Elle a auditionné pour le rôle de Bella Swan dans la saga Twilight
À 17 ans, la comédienne a auditionné pour le rôle de Bella Swan dans Twilight. Elle décrit cette expérience comme « une audition comme les autres » et admet ne pas avoir mesuré l’impact de Twilight avant sa sortie. Par la suite, Lawrence s’est réjouie de ne pas avoir obtenu le rôle et de ne pas avoir eu à gérer tout ce qui l’accompagnait. Elle a également tenté d’interpréter Jules dans la comédie Superbad (2010), un rôle qui a finalement été attribué à Emma Stone, ainsi que Lisbeth Salander dans Millénium : Les hommes qui n’aimaient pas les femmes, qui est revenu à Rooney Mara.
Blâmée pour sa beauté
Bien que son rôle dans Winter’s Bone lui ait finalement valu une nomination aux Oscars, l’équipe de production n’était pas initialement enthousiaste à l’idée d’engager Jennifer Lawrence parce qu’elle était considérée comme « trop jolie » pour ce personnage. Lors de son audition, elle s’est présentée avec des vêtements trempés de sueur, les cheveux sales et le nez qui coulait, une stratégie qui a porté ses fruits car elle a fini par obtenir le rôle.
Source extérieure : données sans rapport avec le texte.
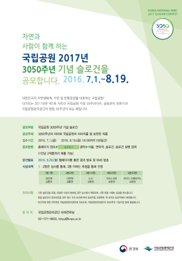 - 당선작에 대한 저작권은 국립공원관리공단에 귀속되며, 국립공원관리공단의 3050주년 기념사업 등에 활용됩니다.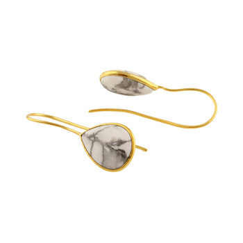 Handmade Indian 925 Sterling Silver Fine Dangle Earrings Natural White Howlite Gemstone With Gold Plating Wholesome Jewelry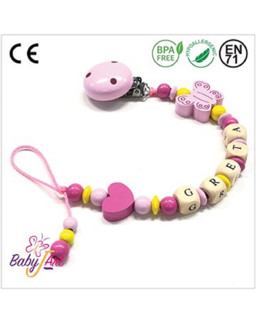 Babyjart Catenella portaciuccio legno con nome, gancio/adattatore ciuccio mam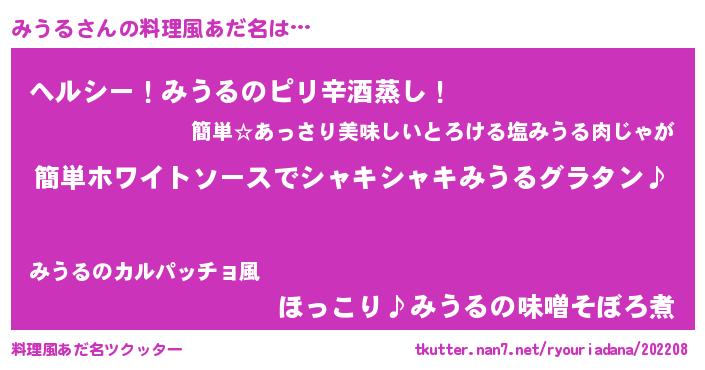 | ヒーロー風カッコイイあだ名 | 『炎刃騎士ミウ』『究極戦士ミウル』 |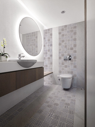 考量客廁空間有限,黃國峰選用TOTO半崁式臉盆,滿足空間寬度限制,方便門片開啟。同時,為喜歡書法的業主,選用青花瓷風格磁磚,從地坪延伸至牆面,透過線條創造視覺集中的效果,讓空間充滿雅緻細節,舒心放鬆而不覺侷促。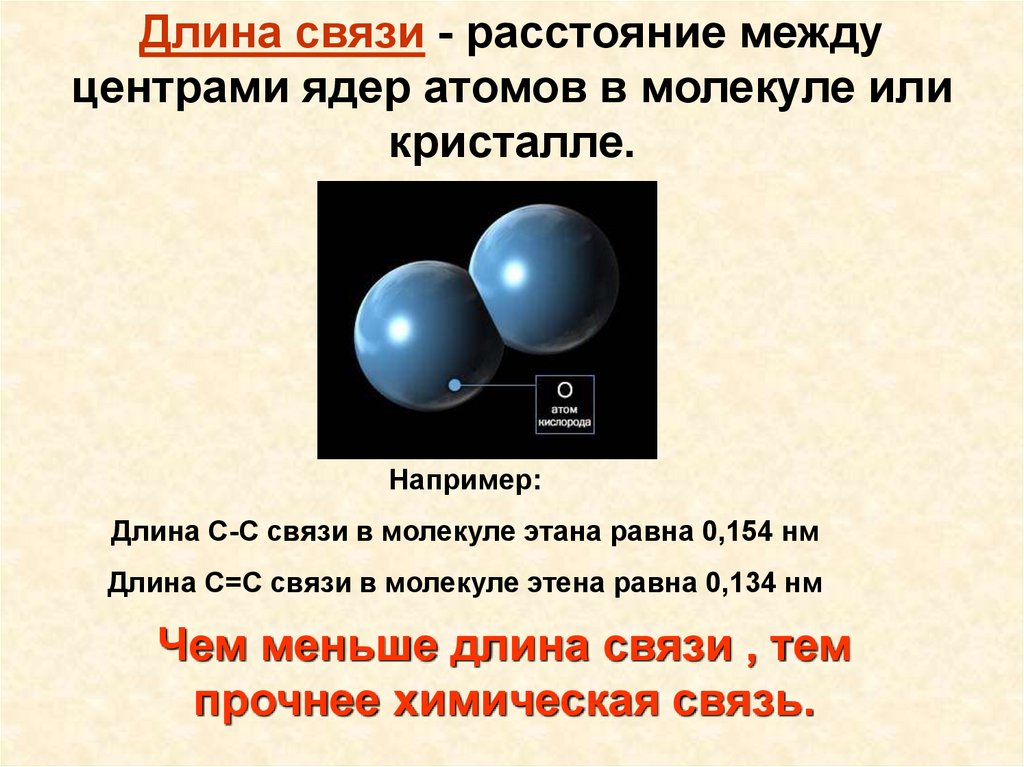 Длина связи - расстояние междуцентрами ядер атомов в молекуле или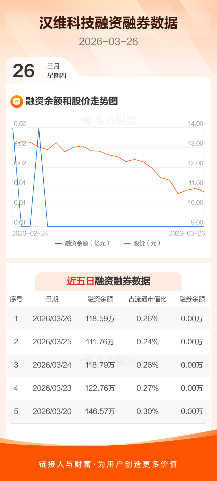交易所最新数据显示,汉维科技于2026年3月26日获融资买入63.87万元,融资偿还57.03万元,当日融资净买入6.83万元。目前,该股融资余额118.59万,占流通市值比例为0.26%。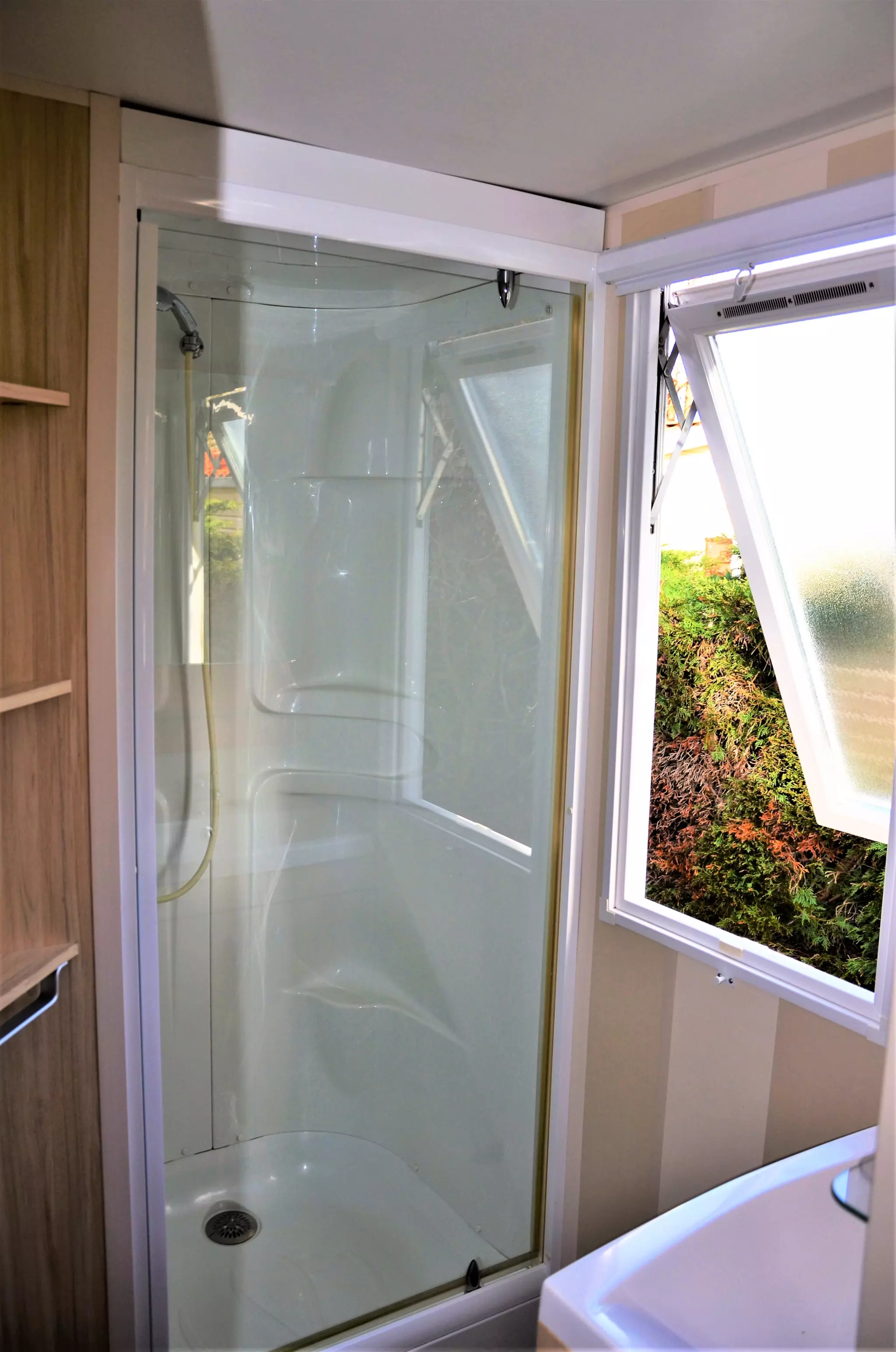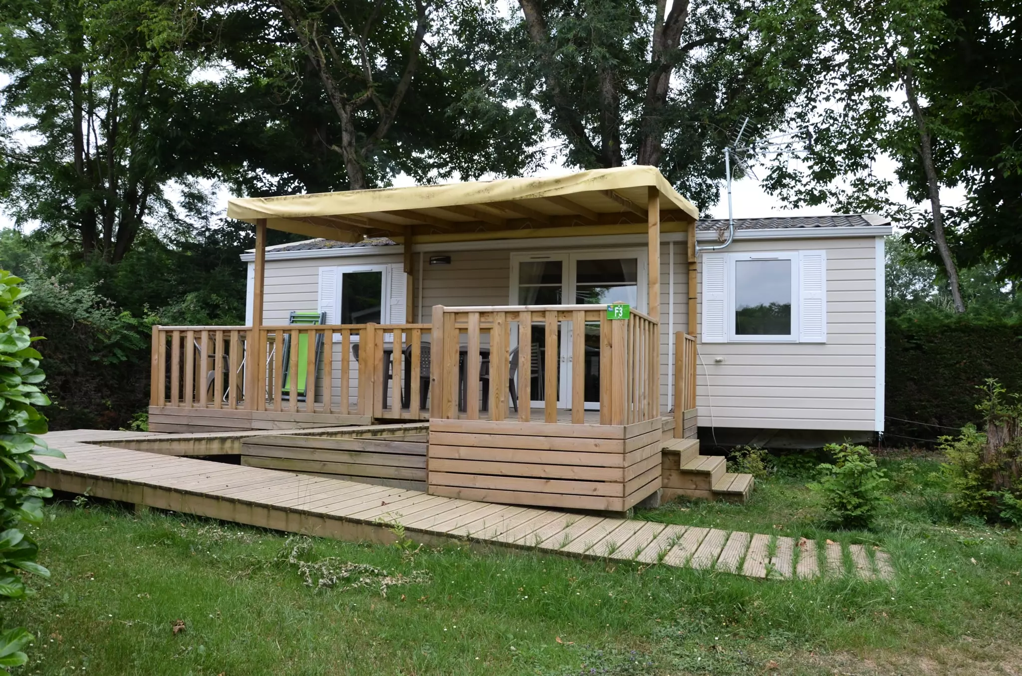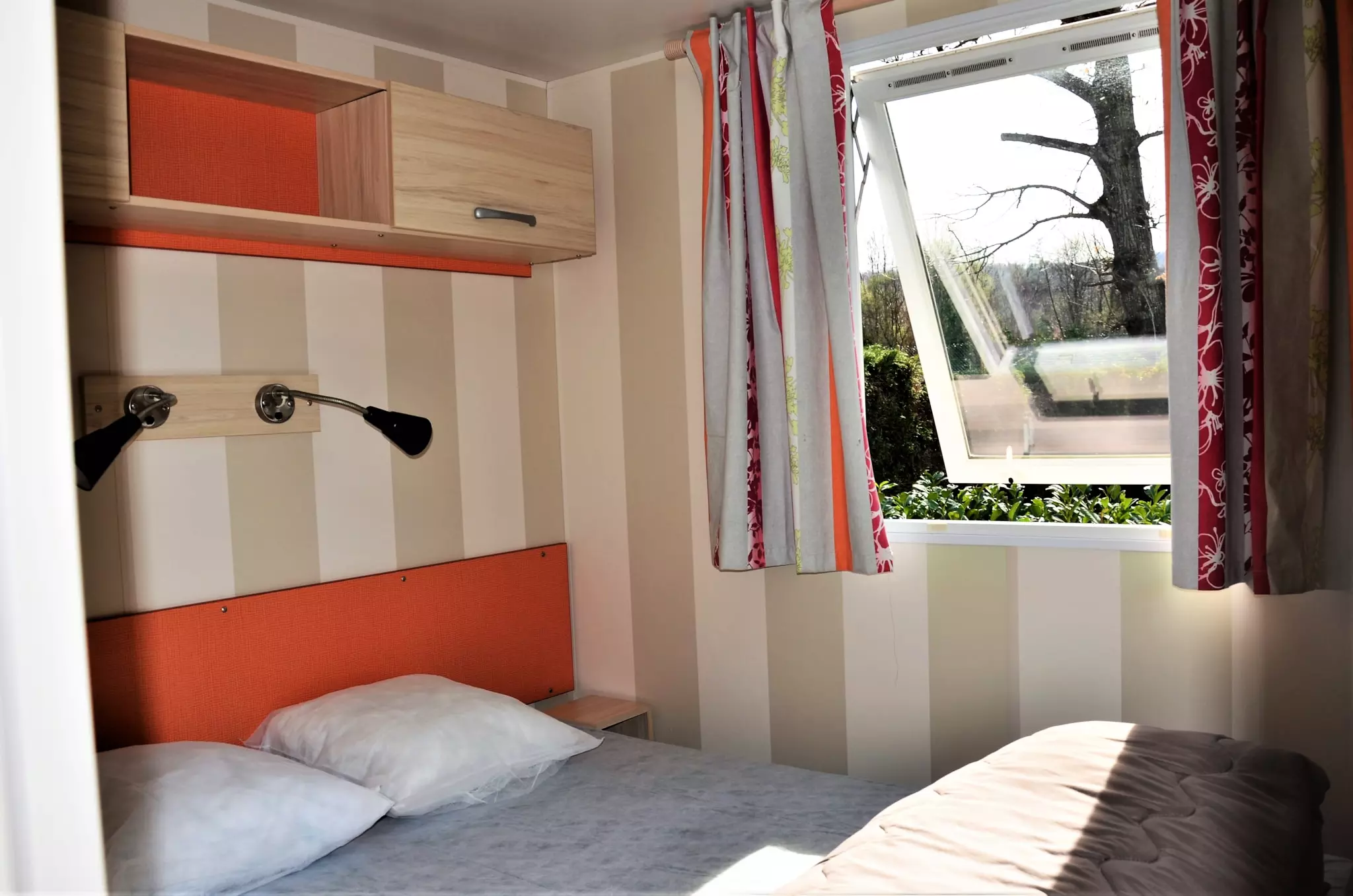Ce mobil-home de deux chambres est spacieux tant au niveau du séjour que de la salle de bain. Il est conçu pour les personnes à mobilité réduite grâce à sa largeur et sa rampe d'accès mais convient également aux familles ayant besoin de plus d'espace. Il est équipé de tout le nécessaire ainsi que d'une télévision.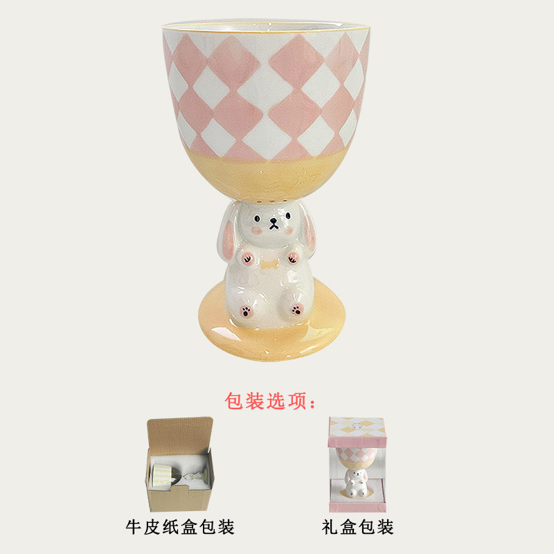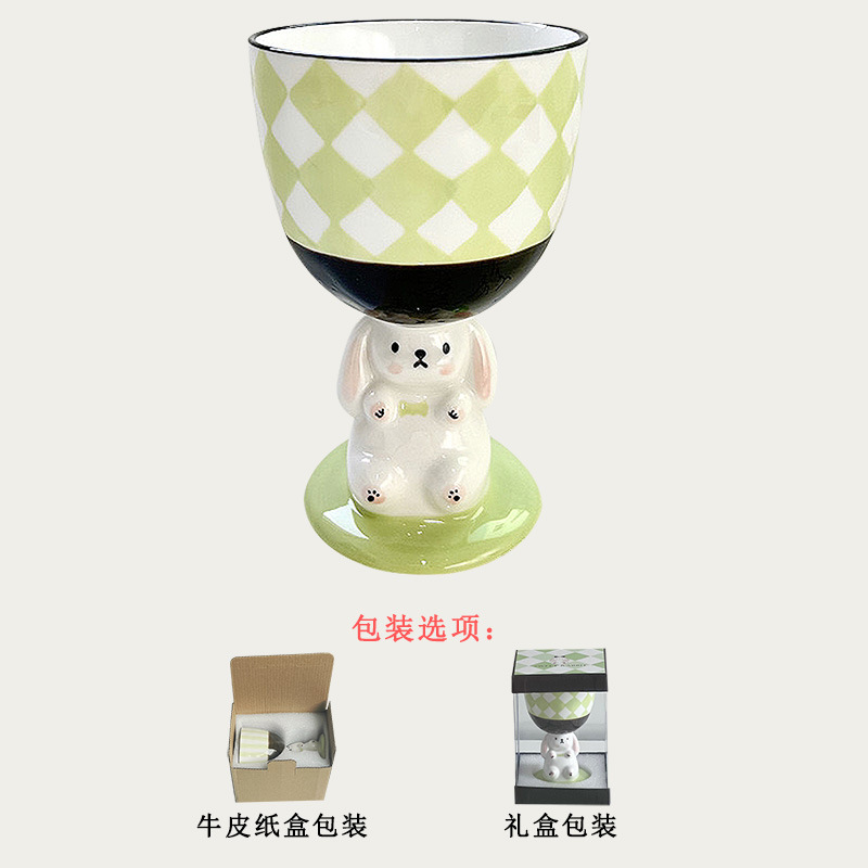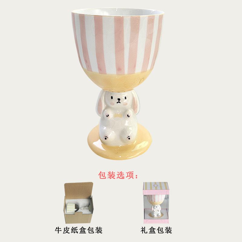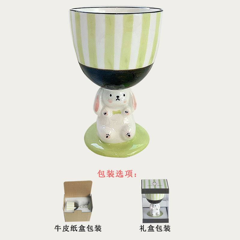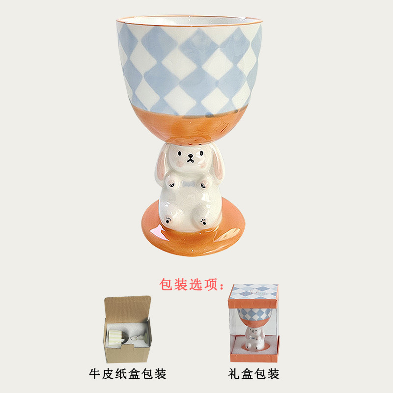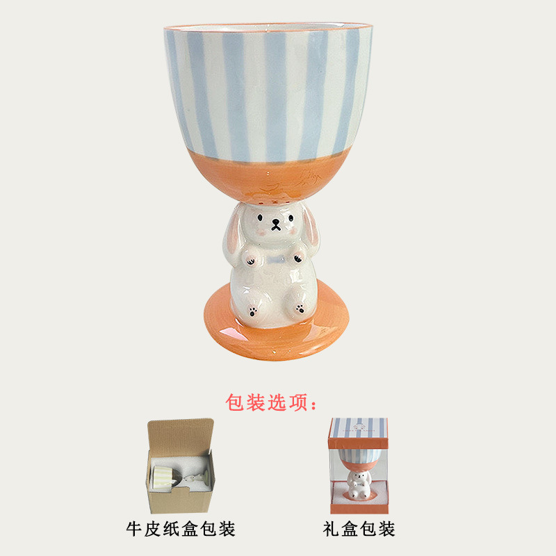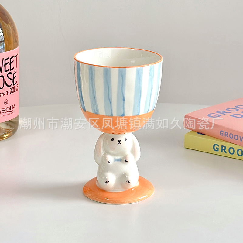 慢如旧-兔子高脚杯可爱手绘立体手捏马克杯不规则大容量咖啡杯子

Elle adore faire du cheval
Jennifer Lawrence a grandi dans une ferme équestre à Louisville, dans le Kentucky, où elle a appris à monter à cheval, y compris sur des chevaux sauvages. « Mes parents étaient radins, alors ils n’ont jamais acheté de chevaux dressés, » plaisante-t-elle sur le plateau de David Letterman en 2011. Elle a pu mettre ce talent à profit dans plusieurs productions, notamment Winter’s Bone et Serena, film d’époque où elle est vue à cheval.
Elle a failli refuser son rôle dans Hunger Games
Bien qu’elle ait lutté pour décrocher le rôle dans Winter’s Bone, Jennifer Lawrence a failli décliner celui dans Hunger Games. Dans le podcast de Bill Simmons, Dumb and Dumber, elle explique : “Je dois produire des films entre chaque opus pour ne pas être connue que pour cette franchise.” Elle avoue qu’elle n’était pas convaincue de vouloir faire partie du casting d’Hunger Games car elle craignait l’immense attention et la fanbase qui allaient s’ensuivre. L’actrice a tenté d’expliquer ses préoccupations, mais peu de gens comprenaient ses réticences. « C’était tellement difficile à expliquer aux gens. » Finalement, il a fallu trois jours à Jennifer Lawrence pour accepter le rôle de Katniss Everdeen.
Actrice oscarisée
Grâce à son interprétation dans Winter’s Bone (2010), elle est devenue la troisième plus jeune nommée pour un Oscar dans la catégorie meilleure actrice dans un rôle principal, juste derrière Keisha Castle-Hughes pour Paï : L’Élue d’un peuple nouveau (2002) et Quvenzhane Wiallis pour Les Bêtes du Sud sauvage (2012). Mais c’est quelques années plus tard qu’elle a remporté la précieuse statuette, pour sa performance dans Happiness Therapy (2013), à seulement 22 ans. Dans la même lignée, Mikey Madison a récemment fait sensation grâce à sa performance dans Anora (2024) de Sean Baker, la propulsant au rang de lauréate d’un Oscar à seulement 25 ans.